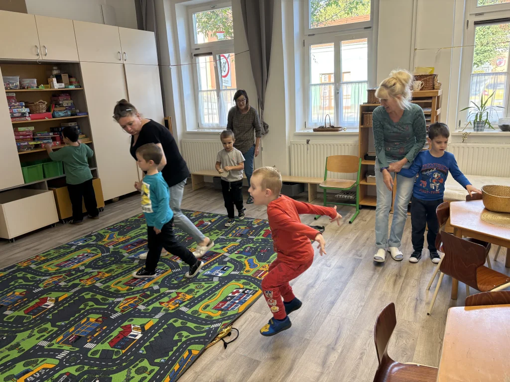 A gyerekek közös mesenézése után 4 próbát kellett kiállniuk: a forgószél által szétrombolt csoportszoba összepakolását, a kincskeresést, a királylány aranylabdáinak kihalászását és a királylány megmentését a mocsárból.
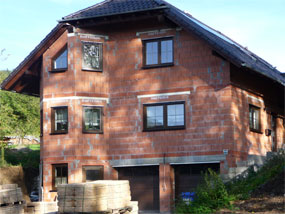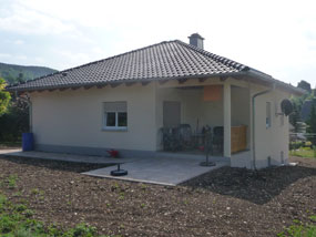 Zweifamilienwohnhaus ohne Keller im Bungalowstiel in Steinfeld Ausgeführte Arbeiten: Rohbau, Erdbau, Kanalarbeiten, Trockenbauarbeiten, Fliesenarbeiten
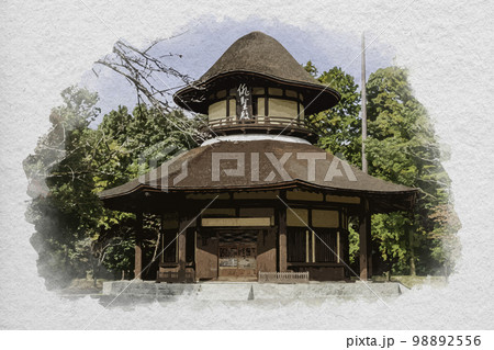 水彩画風 上野公園 俳聖殿 三重県伊賀市

::::

**What the task asks:**
Minus its pictures, the full listing should be copied verbatim.

**Expected output:**
 A gyerekek közös mesenézése után 4 próbát kellett kiállniuk: a forgószél által szétrombolt csoportszoba összepakolását, a kincskeresést, a királylány aranylabdáinak kihalászását és a királylány megmentését a mocsárból.
 Zweifamilienwohnhaus ohne Keller im Bungalowstiel in Steinfeld Ausgeführte Arbeiten: Rohbau, Erdbau, Kanalarbeiten, Trockenbauarbeiten, Fliesenarbeiten
 水彩画風 上野公園 俳聖殿 三重県伊賀市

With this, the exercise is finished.